Continuous responses Binary responses Categorical unordered (nominal) responses Allows to add
poLCA + + class predictors
lcca + + class predictors, multiple groups
depmixS4 + + + class predictors, constaints
covLCA + + class predictors
RandomLCA + random intercept
BayesLCA + priors
e1071::lca +
Mclust +  priors

NONE may utilize ordinal responses (although poLCA manual insists there is no big practical difference with treating responses as nominal ones). NONE can apply 3-step approach in adding covariates. Below I describe three packages that allow for nominal indicators: poLCA, depmixS4, and lcca.

poLCA -[Polytomous Latent class analysis]

Latent classes based on nominal responses (only), may add predictors of all latent classes (in one stage).
Nice features:

  • simple input. You just put:
> poLCA(cbind(indicator1, indicator2, indicator3)~1, data=mydata)

and poLCA gives class probabilities, conditional response probabilities and the fit statistics. The output is clear  and simple.

  • repeats fitting the model as many times as you like, and manipulate convergence criterion and number of iterations.
  •  builds graphs automatically, although not always these graphs are useful.

Not so nice features: 

  • seems to have problems in dealing with indicators with different number of categories; for example, poLCA.entropy wasn’t calculated in my example;
  • doesn’t handle ordinal or metric indicators;
  • you can see only probabilities but not the original thresholds; you don’t have control over any parameters, cannot constrain them to test hypotheses;
  • no function for comparing models, it needs to be done manually;
  • in the manual the authors defend one-step approach of adding covariates using outdated publication by  Bolck, Croon and Hagenaars (2004), whereas adjustments to the three-step approach were suggested a while ago (Vermunt 2010) and successfully implemented in LatentGold and and Mplus software. You can’t even do it manually with poLCA.
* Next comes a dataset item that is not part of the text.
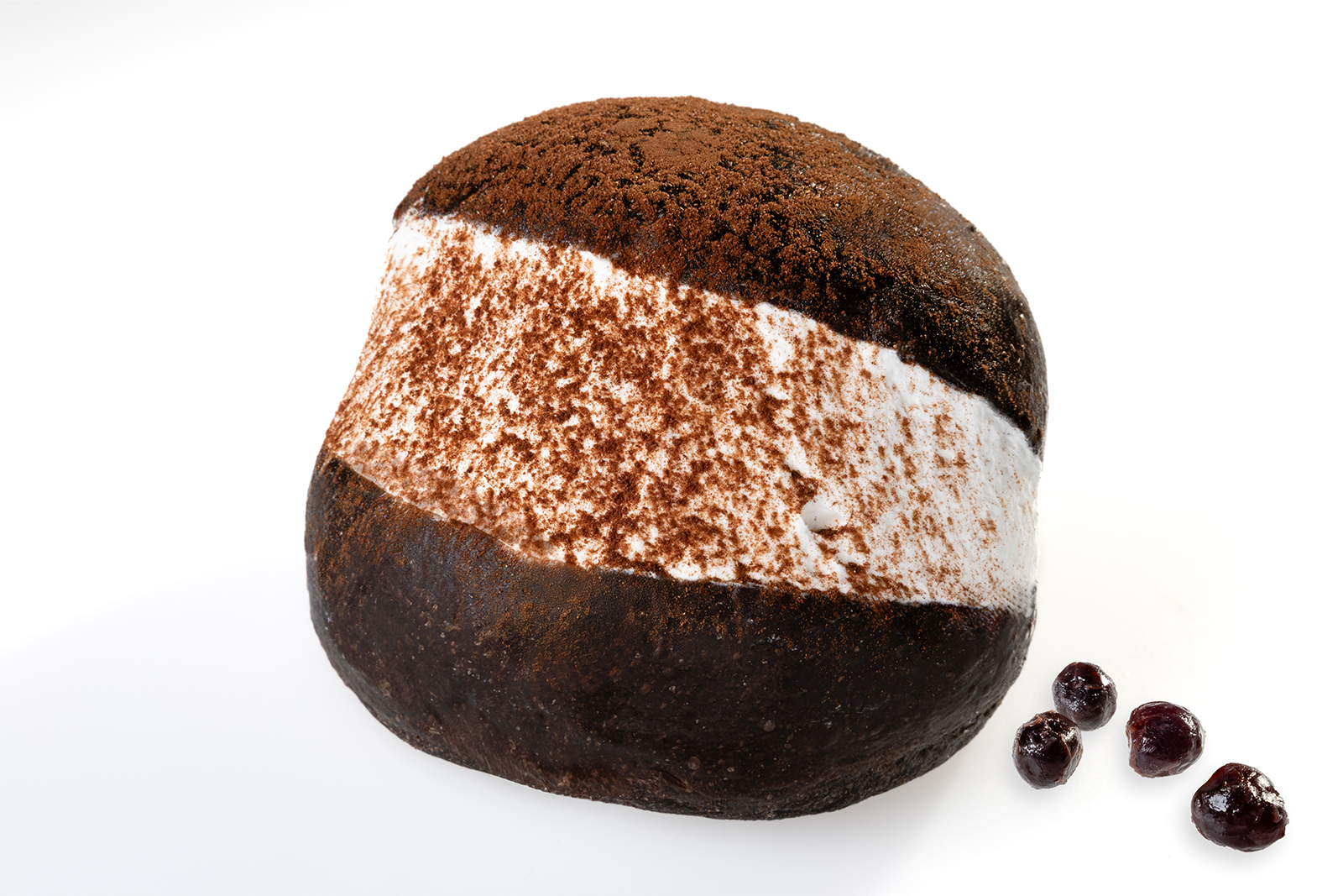 Maritozzo al cacao farcito con panna montata e gelée all’amarena.
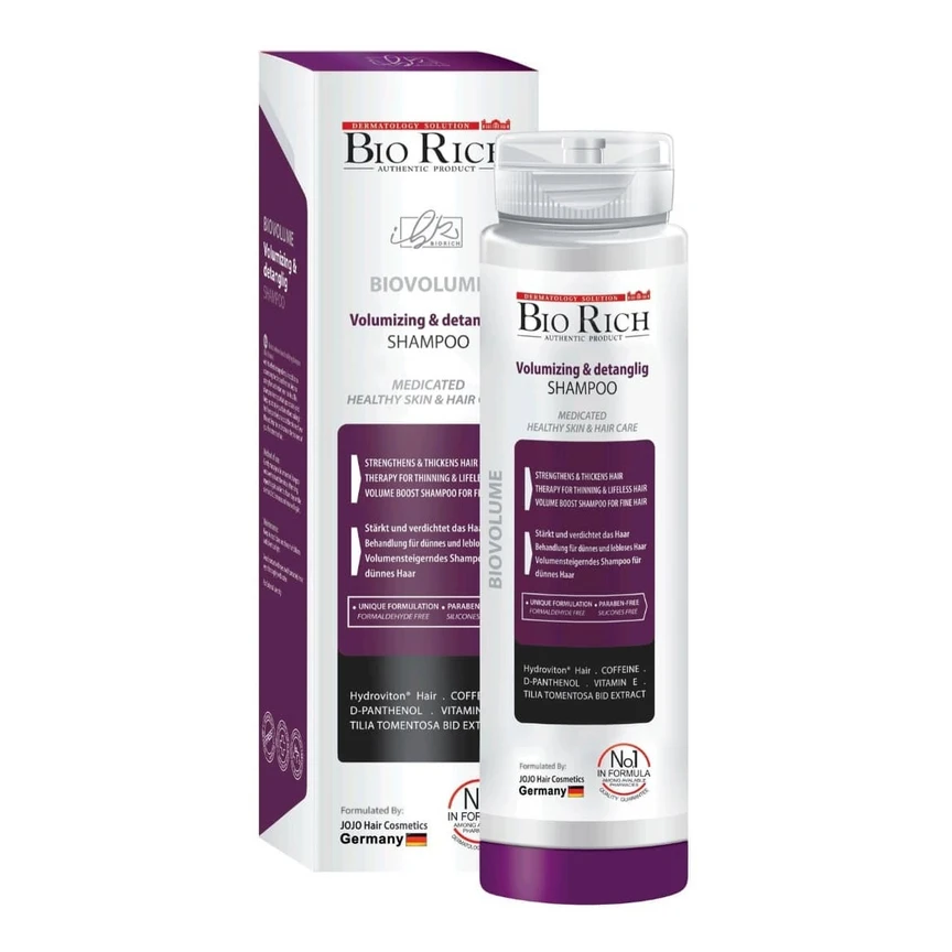 شامپو حجم دهنده بایوریچ با داشتن ترکیبات موثر، علاوه بر حجم دهندگی موهای نازک و ضعیف، به تقویت و کاهش ریزش موهای شما کمک می کند. این شامپو ضمن داشتن قدرت پاک کنندگی مناسب، بدون ایجاد حس سنگینی موهای شما را خوش حالت کرده و به افزایش حجم موهای نازک و بی حالت شما کمک کرده و ضخامت تارهای ضعیف موهای شما را افزایش می دهد.

Example. I use WVS round 5 data from Canada and three items on trust: generalized interpersonal 10-point trust scale, and two 4-point scales of trust to family and trust to strangers.
The input commands are very simple, excluding an odd need to cbind the LCA indicators.


lca.polca <- poLCA(
                cbind(trust, trust_family, trust_strangers)~1,
                nclass=2,
                data=d1,
                nrep=1,
                na.rm=F,
                graphs=T,
                maxiter = 100000
             )
Conditional item response (column) probabilities,
 by outcome variable, for each class (row)
$trust_family
           Pr(1)  Pr(2) Pr(3) Pr(4)
class 1: 0.9058 0.0901 0.0019 0.0022
class 2: 0.7275 0.2356 0.0278 0.0091
$trust
           Pr(1)  Pr(2)  Pr(3)  Pr(4) Pr(5)  Pr(6)  Pr(7)  Pr(8)  Pr(9)  Pr(10)
class 1: 0.0000 0.0027 0.0058 0.0239 0.1103 0.1077 0.2272 0.3008 0.1407 0.0810
class 2: 0.1098 0.0612 0.1324 0.1287 0.1825 0.1846 0.1164 0.0665 0.0137 0.0042
$trust_strangers
          Pr(1)  Pr(2) Pr(3) Pr(4)
class 1: 0.0190 0.6439 0.274 0.063
class 2: 0.0094 0.2356 0.505 0.250
Estimated class population shares
 0.6428 0.3572
Predicted class memberships (by modal posterior prob.)
 0.677 0.323
=========================================================
Fit for 2 latent classes:
=========================================================
number of observations: 2164
number of fully observed cases: 2071
number of estimated parameters: 31
residual degrees of freedom: 128
maximum log-likelihood: -7651.997
AIC(2): 15365.99
BIC(2): 15542.07
G^2(2): 132.5952 (Likelihood ratio/deviance statistic)
X^2(2): 181.2104 (Chi-square goodness of fit)

polca_plot.
So, there are two classes and their profiles are nicely plotted, though the plot isn’t too informative as it’s hard to compare class profiles.

poLCA.entropy(lca.polca)
Error in (function (..., row.names = NULL, check.rows = FALSE, check.names = TRUE, : 
 arguments imply differing number of rows: 4, 10

Entropy wasn’t calculated in my case. All the other functions worked smoothly.
Here’s a quick fix for an “absolute entropy” native poLCA function:

poLCA.entropy.fix <- function (lc)
{
 K.j <- sapply(lc$probs, ncol)
 fullcell <- expand.grid(sapply(K.j, seq, from = 1))
 P.c <- poLCA.predcell(lc, fullcell)
 return(-sum(P.c * log(P.c), na.rm = TRUE))
}
poLCA.entropy.fix(lca.polca)
[1] 3.602397

And here is a solution from Daniel Oberski (slide 66), called Entropy R2:

entropy.R2 <- function(fit) {
  entropy <- function(p) sum(-p * log(p))
  error_prior <- entropy(fit$P) # Class proportions
  error_post <- mean(apply(fit$posterior, 1, entropy))
  R2_entropy <- (error_prior - error_post) / error_prior
  R2_entropy
}
entropy_R2(lca.polca)
[1] 0.4205958

lca.polca$predclass gives a vector of predicted class membership for each respondent.
lca.polca$posterior gives a matrix of probabilities for each respondent and each class.
You may add predictors to the model by substituting ~1 with ~predictor1 + predictor2… But be careful, it applies one-step approach which means the classification will depend not only on your indicators, but on the predictors too.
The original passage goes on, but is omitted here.